Which Information Matters? Dissecting Human-written Multi-document Summaries with Partial Information Decomposition
Laura Mascarell, Yan L'Homme, Majed El Helou
TL;DR
The paper investigates what information makes human-written multi-document summaries high quality by applying Partial Information Decomposition (PID). By treating sentences as sources and summaries as targets, it decomposes the information contributed by sources into union, redundancy, unique, and synergistic components, using a multivariate PID framework. Empirical analysis across several MDS datasets shows that redundancy decreases and unique information increases with more sources, while the order of sources matters, with the first three documents often contributing the majority of unique information.
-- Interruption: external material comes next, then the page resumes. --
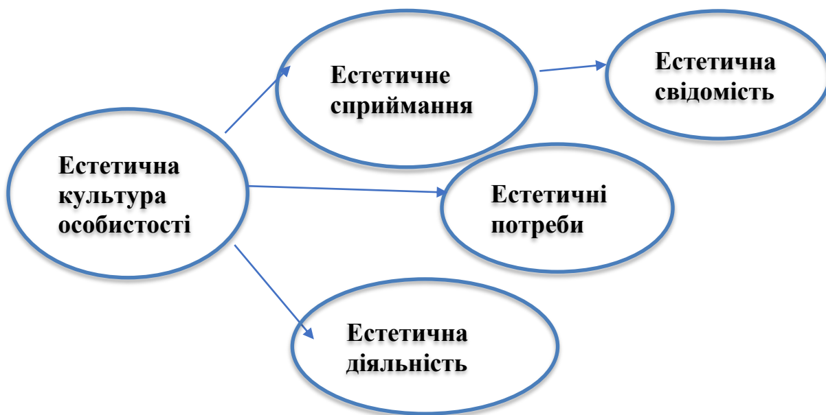
Рис. 1.2. Компоненти естетичної культури особистості [46, с. 214]

Surprisingly, synergy is negligible in typical MDS datasets but can be dominant in tasks like MultiRC when reframed for synergy analysis, indicating potential signals of joint information requirements or hallucination. The authors release Spider, a tool to quantify these information components, enabling more interpretable future MDS research and dataset construction aligned with human quality.
Abstract
Understanding the nature of high-quality summaries is crucial to further improve the performance of multi-document summarization. We propose an approach to characterize human-written summaries using partial information decomposition, which decomposes the mutual information provided by all source documents into union, redundancy, synergy, and unique information. Our empirical analysis on different MDS datasets shows that there is a direct dependency between the number of sources and their contribution to the summary.